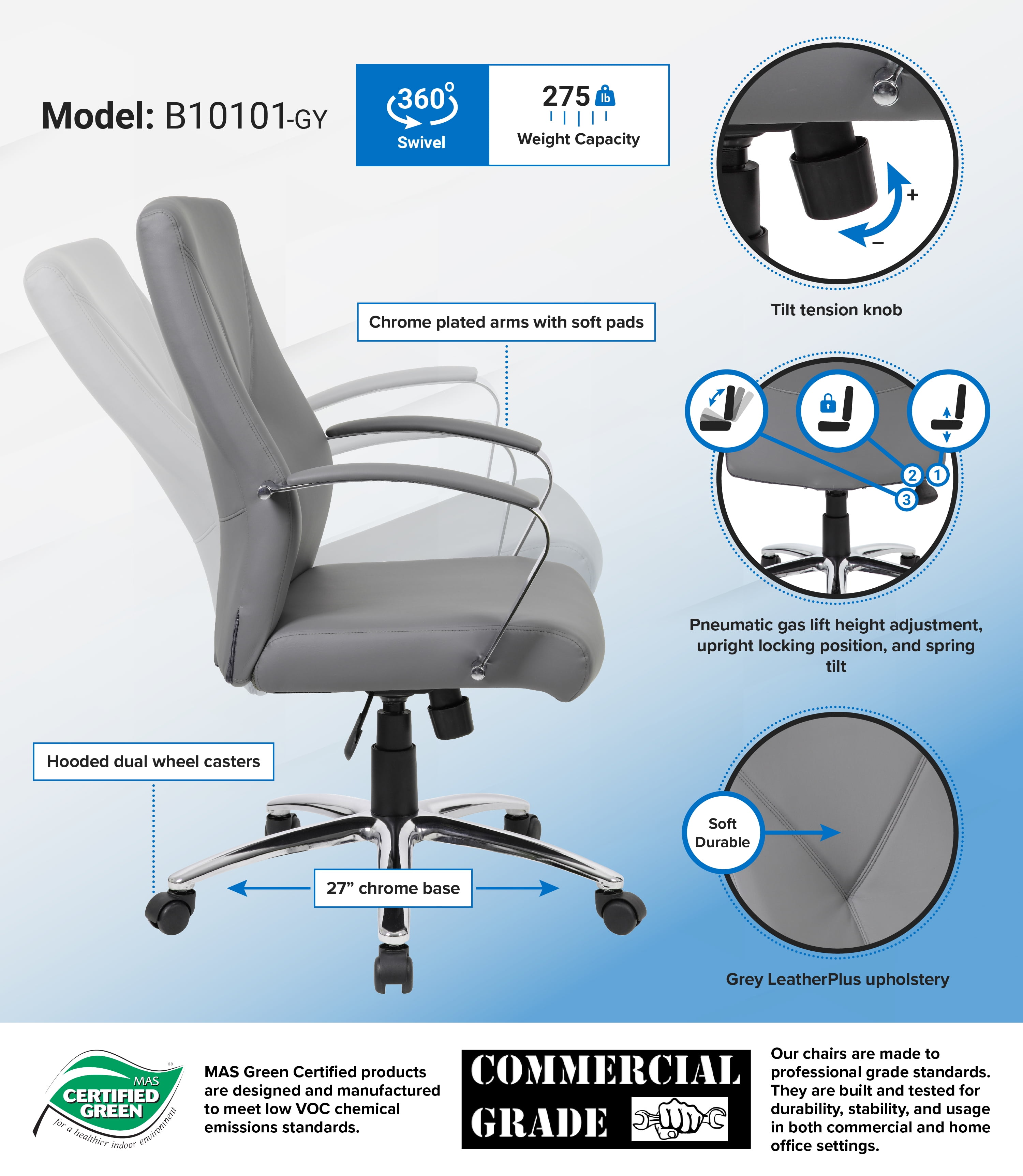 Beautifully upholstered in Grey LeatherPlus (leather and polyurethane for added softness and durability) Metal chrome plated arms topped with soft arm pads Upright locking position Adjustable tilt tension control Hooded double wheel casters Pneumatic gas lift seat height adjustment Large 27″ chrome base Assembly required MAS Certified Green Overall dimensions: 27″W x 29″D x 41″ – 44″H Seat height: 19″ – 22″H
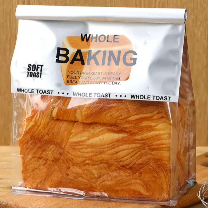 Custom Bakery Aluminum Foil Packaging Bag Bread Loaf Bagel Toast Bakery Bread Paper Bags Plastic Clear Window Bag with Tin Tie
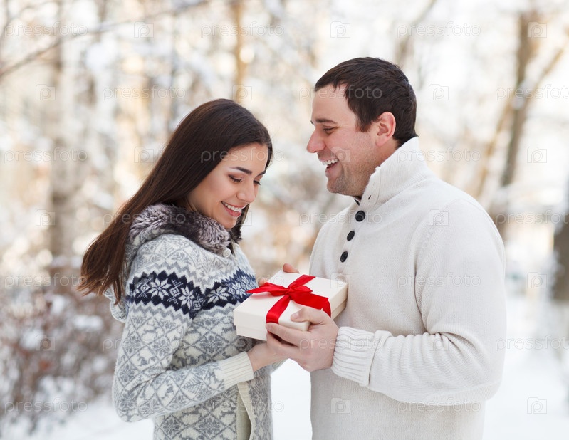 Счастливая молодая пара в зимнем парке
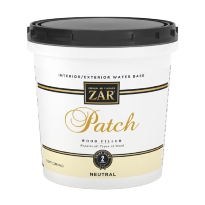 ZAR® wood patch is a latex compound that both contractors and savvy do-it-yourselfers rely on to fill nail holes and repair cracks, gouges, broken corners and chipped edges on wood surfaces. It’s excellent for a variety of uses because it only shrinks a little and can be nailed, sawed, sanded or drilled. ZAR® wood patch can be used indoors or outdoors and accepts paint, varnish, shellac, polyurethanes and stains. In fact, it actually accepts stain more readily than conventional wood patching compounds.
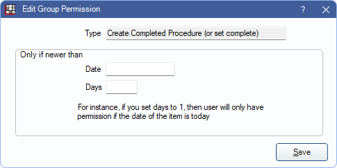 If a box is checked for a permission with a User Group Lock Date, the following window appears. This allows users to prevent alteration of historical data. To set a date limitation, enter a value in the Date or Days field, then click Save to keep changes. If left blank, there is no lock date.
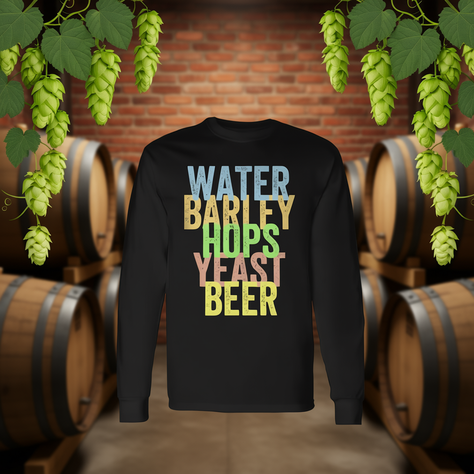 เสื้อยืดแขนยาวสำหรับโรงเบียร์เบียร์ส่วนผสมข้าวบาร์เลย์น้ำฮ็อพยีสต์
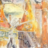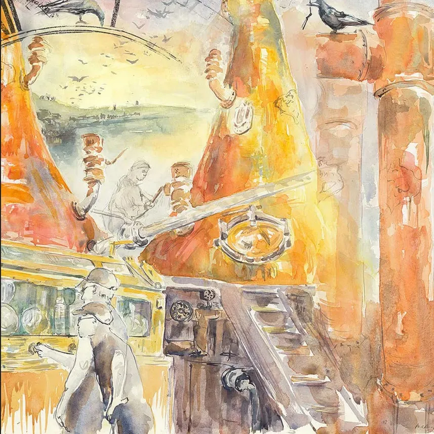 "Even in cold winter days the still room is hot. I often sat close to the stills to draw them and felt like the whole space was filled with a fiery orange glow and heat. The room is full of sounds, from the creak of the stills, the deep musical clangof the man-door opening, and the hiss of the steam escaping. The stillman constantly checks, adjusts, and waits for just the right moment. When the spirit is ready its aroma escapes the spirit safe and fills the room. When I went outside to cool down, the rooks and hooded crows of Campbeltown hopped about on the warehouse roof, and sometimes I could smell the crash of waves on the wind as it drifted through the courtyard.” Alice Angus for Heart of the Run Edition
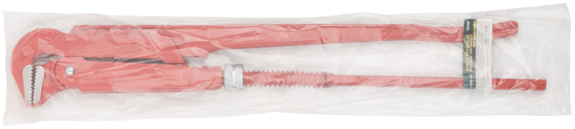 Преимущества ключа включают универсальный угол 90°, который делает его подходящим для различных задач в профессиональной среде. Ключ обладает размером 500 мм, идеально подходящим для работы с трубами диаметром до 2".
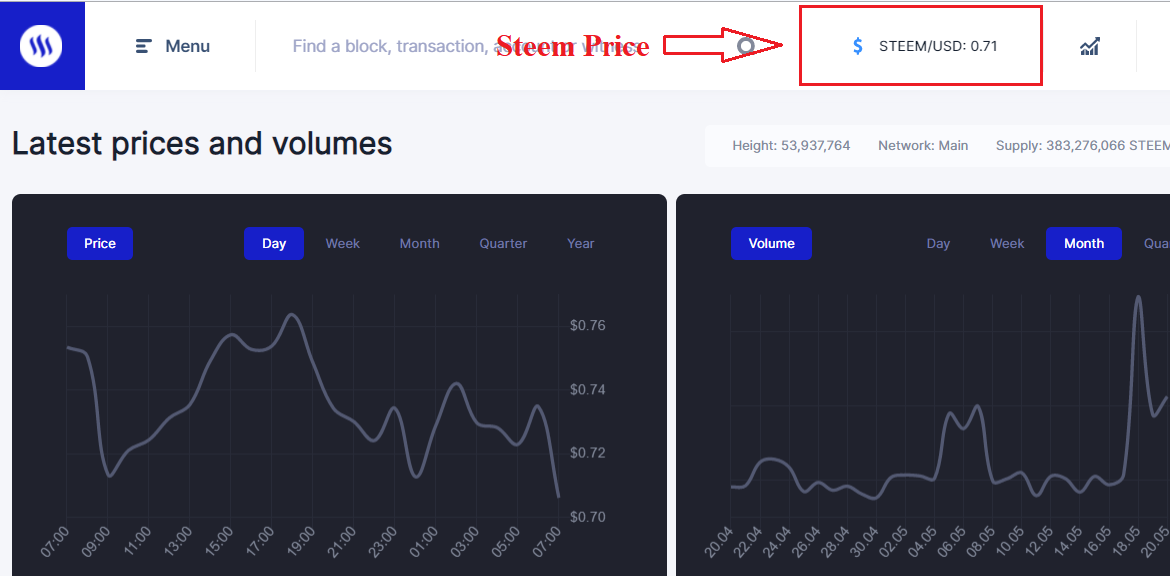 There is a chart in Steemscan under Heading of Latest Steem prices and Volumes which show 1 day, 1 week, 1 month, 1 quarter and 1 year chart of Steem prices.
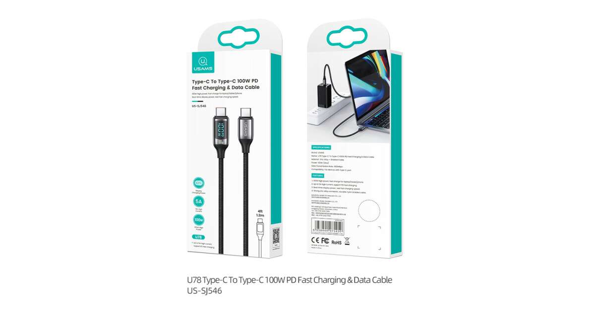 -USAMS - U78 Data Cable (US-SJ546) - Type-C - Type-C 100W, PD, Fast Charging, 1.2 m - Black (KF236922) description of
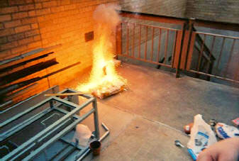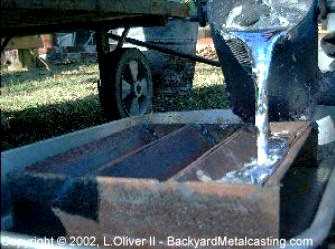 Again, we had fire and smoke, and again, the hydrocarbons floated on top as they burned. We poured out the aluminum and all three of us observed that it appeared silvery, not orange! We took photos and videos, so we will have the recorded evidence as these are processed. Of course, we saw a few burning embers, but this did not alter the silvery appearance of the flowing, falling aluminum.
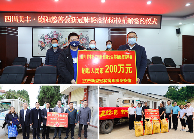 4月25日,四川美豐與德陽市教育局?jǐn)y手開展對口幫扶、助力鄉(xiāng)村振興實踐活動,向中江縣興隆鎮(zhèn)六里班村、果園村捐贈10噸復(fù)合肥。德陽市教育局黨組書記、局長周建平,公司董事會秘書王東向兩村捐贈愛心肥料。
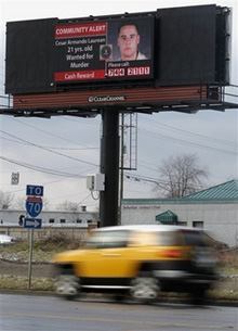 | | Motorists drive near an electronic billboard with the picture of Cesar Laurean, a Marine wanted in the slaying of a pregnant colleague, Monday, Jan. 14, 2008, in Columbus, Ohio. The sheriff announced a $25,000 reward for information leading to the arrest of Marine Cpl. Cesar Armando Laurean. (AP/Jay LaPrete) | | | San Antonio, TX - A methamphetamine dealer who gunned down a deputy during a traffic stop in Southern California. A man in Arizona who killed his ex-girlfriend's parents and brother and snatched his children. A man who suffocated his baby daughter and left her body in a toolbag on an expressway overpass near Chicago.
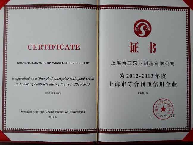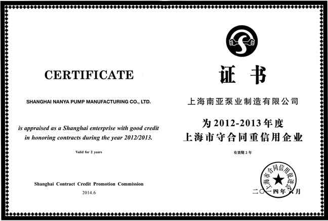 日前,从上海市工商行政管理局获悉,南亚泵业再次被上海市人民政府命名为“重合同守信用企业”,获“AAA级合同认定书”。
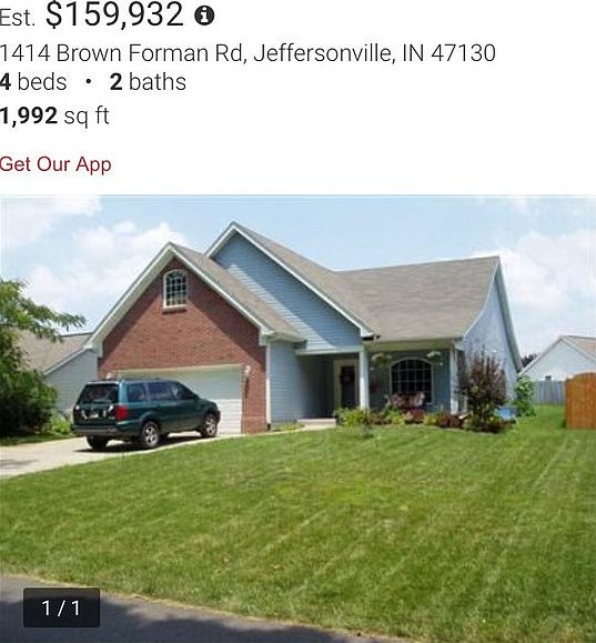 This 1992 square foot single family home has 4 bedrooms and 2.0 bathrooms. This home is located at 1414 Brown Forman Rd, Jeffersonville, IN 47130.
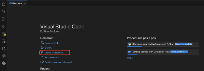 Une manière alternative de télécharger le projet est d’ouvrir directement votre éditeur de code. Tous les éditeurs modernes ont une interface pour ouvrir un projet à partir d’une URL. Par exemple, la page d’accueil de VSCode propose justement l’option de cloner un dépôt Git.
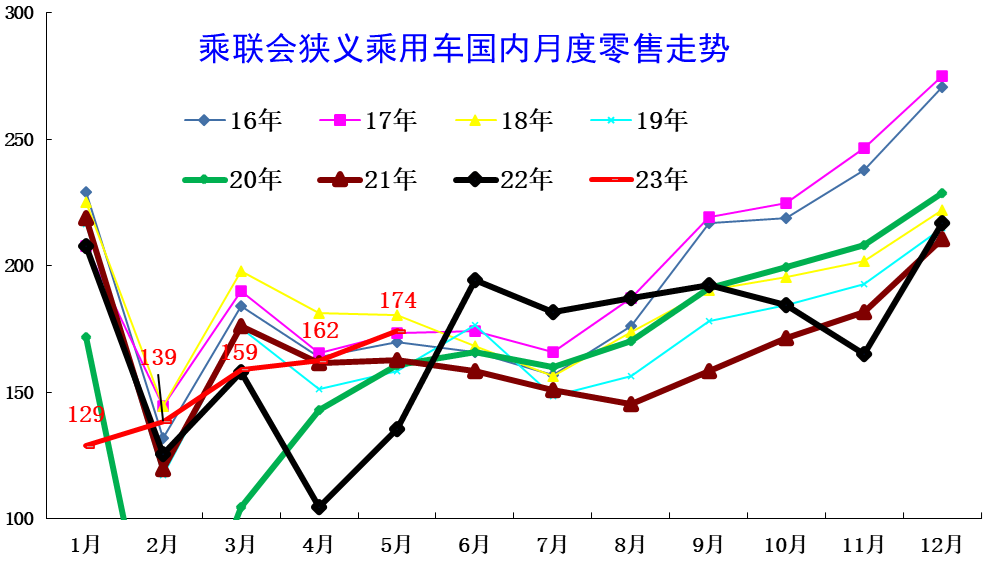 2023年5月乘用车市场零售达到174.1万辆,同比增长29%,环比增长7%。今年以来累计零售763万辆,同比增长4%。
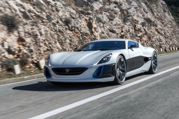 Rund eine Million Euro verlangt die kroatische Firma Rimac für ihr Hypercar Concept One. In seiner jüngsten Ausbaustufe leistet der Stromer mächtige 900 kW/1224 PS und 1800 Newtonmeter Drehmoment, was eine Sprintzeit aus dem Stand auf 100 km/h in 2,5 Sekunden erlaubt. Die Höchstgeschwindigkeit von abgeregelten 300 km/h knackt der Balkan-Bolide nach nur 14 Sekunden.
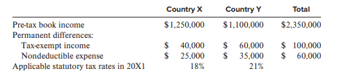 Bryan is also listed on the New York Stock Exchange (NYSE). Therefore, Bryan is registered as a âforeign private issuerâ with the U.S. Securities and Exchange Commission and mustfile financial statements with the SEC in accordance with SEC regulations for foreign privateissuers. These regulations permit Bryan to file its IFRS financial statements with the SEC, butit has decided to prepare U.S. GAAP financial statements as well for the convenience of its U.S. shareholders. With respect to the reconciliation of the statutory tax rate to the effective tax rate in theincome tax note disclosure, SEC regulations for foreign private issuers permit them to reconcile to either the relevant statutory income tax rate in their country of domicile or to anotherapplicable tax rate. Reconciling to the statutory income tax rate in its country of domicilewould be comparable to a U.S. company reconciling to the U.S. federal tax rate. Bryan carefully selected its accounting policies under IFRS and U.S. GAAP so that, in 20X1, it reported the same pre-tax book income in both the U.S. GAAP and IFRS financialstatements. Therefore, the only difference between the tax rate reconciliation in the U.S. GAAPfinancial statements and the IFRS financial statements is due to the use of a country-specificstatutory tax rate (statutory tax rate in Country X) or a weighted-average statutory tax rate(another applicable tax rate) as the beginning point of the reconciliation. The table below presents Bryanâs pre-tax book income and the applicable statutory tax ratesin each country and permanent differences between taxable and book income in the two countries in which Bryan operates. Bryan has no temporary differences in 20X1.
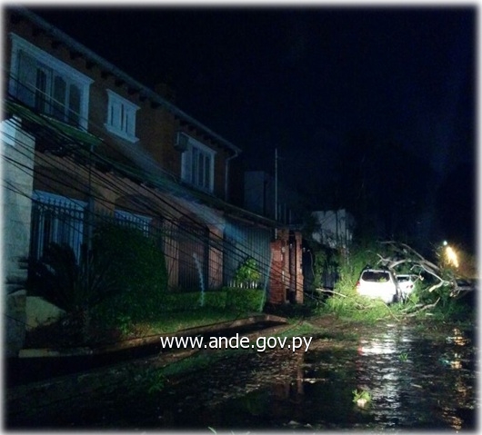 En la ciudad de Capiatá, a la altura del km 19,5 de la Ruta I, fuertes ráfagas provocaron la caída de árboles sobre la red del tendido que afectaron a los barrios Santa Rita, El Retiro, San Antonio, Virgen de Caacupé, El Rocío, San Miguel, San José Obrero y Caacupemí, quedando sin el servicio de energía eléctrica alrededor de 1.200 usuarios. Inmediatamente luego de ocurrido el evento, cuadrillas de la ANDE acudieron al lugar del desastre, a fin de realizar cortes preventivos de la energía eléctrica para aislar los cables y los postes del tendido que fueron derribados debido a los fuertes vientos.
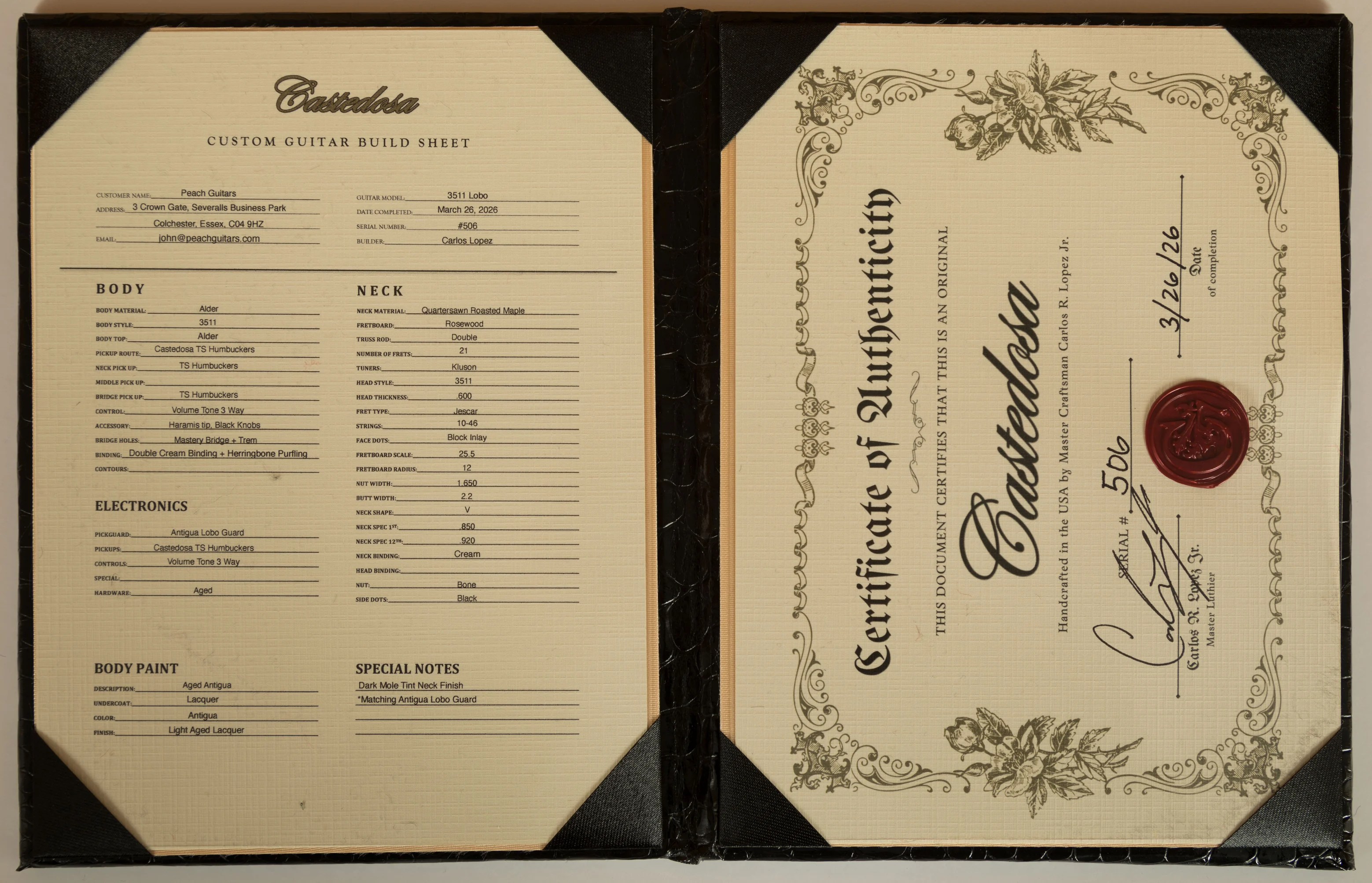 Introducing the Castedosa 3511 Lobo Semi-Hollow, a pinnacle in high-end thinline-style guitars crafted by the renowned Carlos Lopez, founder, and builder of Castedosa Guitars. With nearly two decades of expertise, Carlos has left an indelible mark on the guitar-making industry, having served as a Master Builder with the Fender Custom Shop and collaborated with iconic artists such as Ariel Posen, Eric Clapton, and Jeff Beck.
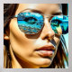 Cool ai art depicting an beautiful woman with the reflection of the beach in her sunglasses.
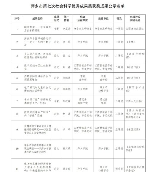 近日,萍乡市社会科学界联合会公布萍乡市第七次社会科学优秀成果奖获奖名单,我校凌焰等6位教师的学术论文获市社会科学优秀成果奖,其中凌焰老师的《清代萍乡图甲制的运行——安长一图的个案分析》荣获一等奖,钱力老师的《个人破产制度:对市场经济退出机制的探索》荣获二等奖,徐海燕和熊艾莉老师的论文荣获三等奖,梁小玲和黄明明老师的论文荣获优秀奖。
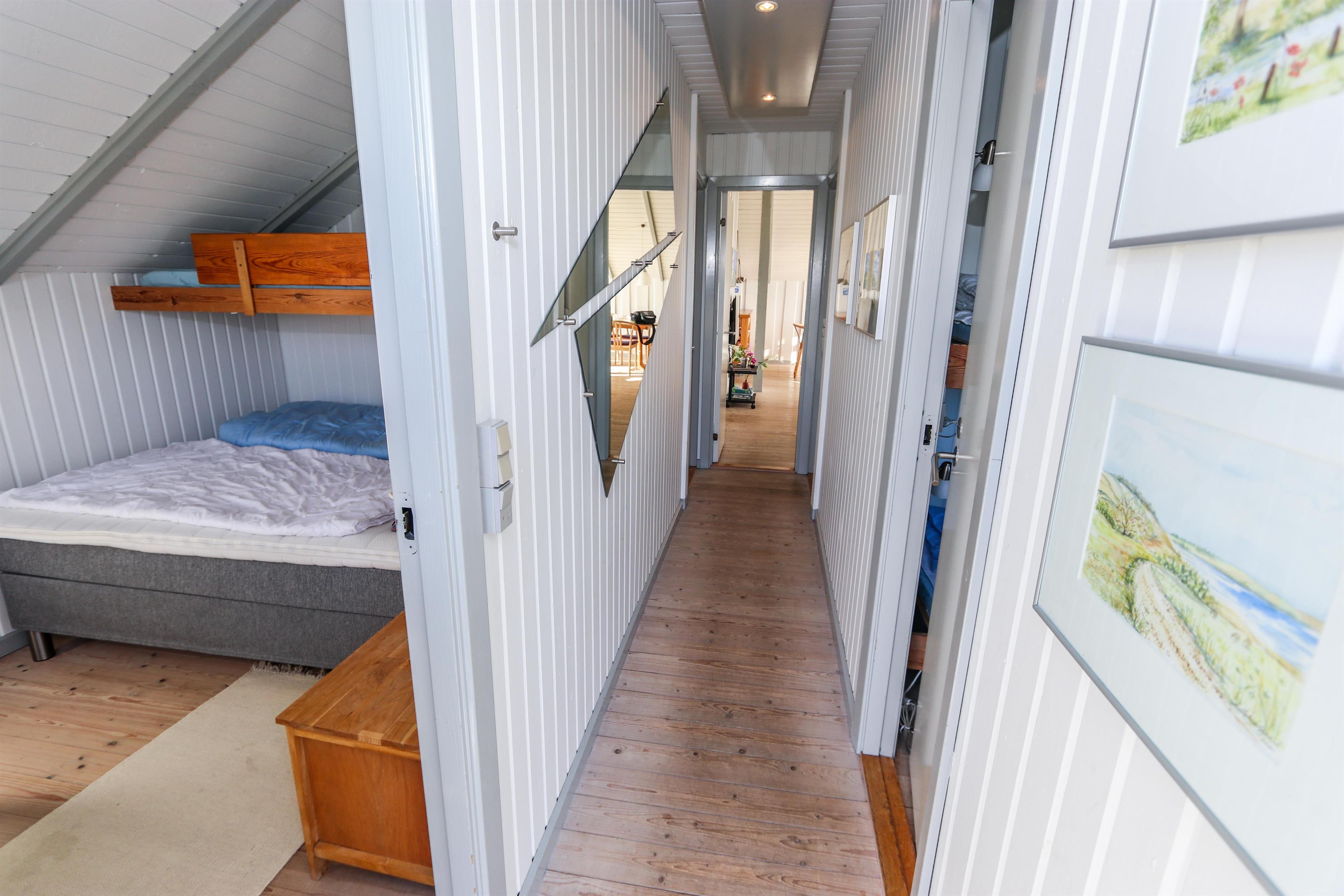 Huset rummer tre soveværelser: to med dobbeltsenge og ét med køjeseng – perfekt til den lille familie. Badeværelset er lyst og funktionelt med bruser og gulvvarme. Der er både vaskemaskine og barnestol, og husdyr er velkomne. Huset er røgfrit.

*WHAT YOU SHOULD DO*
The answer must be the lines of the entries above, written out exactly from the first through the one with "Счастливая молодая пара в зимнем парке", and no pictures.

*ANSWER TO THE PROBLEM*
 Beautifully upholstered in Grey LeatherPlus (leather and polyurethane for added softness and durability) Metal chrome plated arms topped with soft arm pads Upright locking position Adjustable tilt tension control Hooded double wheel casters Pneumatic gas lift seat height adjustment Large 27″ chrome base Assembly required MAS Certified Green Overall dimensions: 27″W x 29″D x 41″ – 44″H Seat height: 19″ – 22″H
 Custom Bakery Aluminum Foil Packaging Bag Bread Loaf Bagel Toast Bakery Bread Paper Bags Plastic Clear Window Bag with Tin Tie
 Счастливая молодая пара в зимнем парке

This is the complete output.